Barack Obama’s speech last week was the most inspiring speech I’ve seen by a U.S. president – or a major U.S. presidential candidate – in my adult life. I’ve seen video footage of inspiring speeches by Lyndon Johnson, John F. Kennedy, and Robert F. Kennedy, and a number of other inspiring speeches by earlier presidents profiled on the PBS American Experience series, but this is the first time since I’ve been of voting age that I feel truly inspired by someone with presidential prospects.
I’d read and heard excerpts of the speech during the week, but it wasn’t until yesterday that I finally set aside the time to watch Obama’s 37-minute speech [transcript] in its entirety … and I’m glad I did. I admire the way that Obama was able – and willing – to articulate issues involving race that are typically considered undiscussibles, at least in national political discussions (e.g., anger that "may not get expressed in public, in front of white co-workers or white friends … but does find voice in the barbershop or around the kitchen table"). He embraced his multiracial heritage and shed light on some of the shadows that often permeate our thoughts, feelings and judgments about other races … and I found myself wondering how many critics of Obama’s controversial former pastor, Jeremiah Wright, have never harbored or uttered a racially motivated criticism.
Obama offered a vision for what I might call a transracial union, based on my recent rumination on building a multidisciplinary team, which was greatly enhanced by Anne‘s comment introducing me to the concept of transdisciplinarity. I believe that Obama is, in effect, applying one definition of transdisciplinarity in scientific research to the far more politically charged topic of race. Riffing slightly on a Wikipedia definition of transdisciplinarity:
A transdisciplinary style of research [or politics] can only arise if the participating experts interact in an open discussion and dialogue, accepting each perspective as of equal importance and relating the different perspectives to each other. Working together in a transdisciplinary way is difficult because participating scientists [or politicians] are often overwhelmed by the amount of information in everyday’s practice and because of incommensurability of specialized languages in each of the fields of expertise. Therefore people with the competence of moderation, mediation, association and transfer are needed to initiate and promote a critical and still constructive dialogue. For these individuals it is crucial to have [their] own in-depth knowledge and know-how of the disciplines [or races] involved.
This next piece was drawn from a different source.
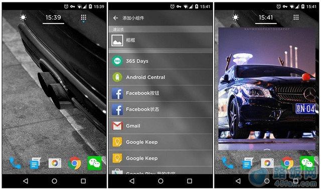 进入主界面后,可以看到Aviate的主页十分简洁,屏幕下方显示的是使用次数最为频繁的5个应用,上方有当前时间、情景模式以及应用菜单栏的图标。长按桌面还可以像桌面添加小部件,譬如下图中的相框,可以展示照片。

I don’t want to say too much about the speech, in part because I feel too many people (including myself) are participating in what seems to be a snack culture (an evocative label I first heard from my colleague, Rick Hangartner Peyman Faratin) – or what Sherry Turkle calls talk culture – subsisting on snippets of information rather than sitting down to a full meal from original sources, and I want to encourage people to see and hear the speech in its entirety.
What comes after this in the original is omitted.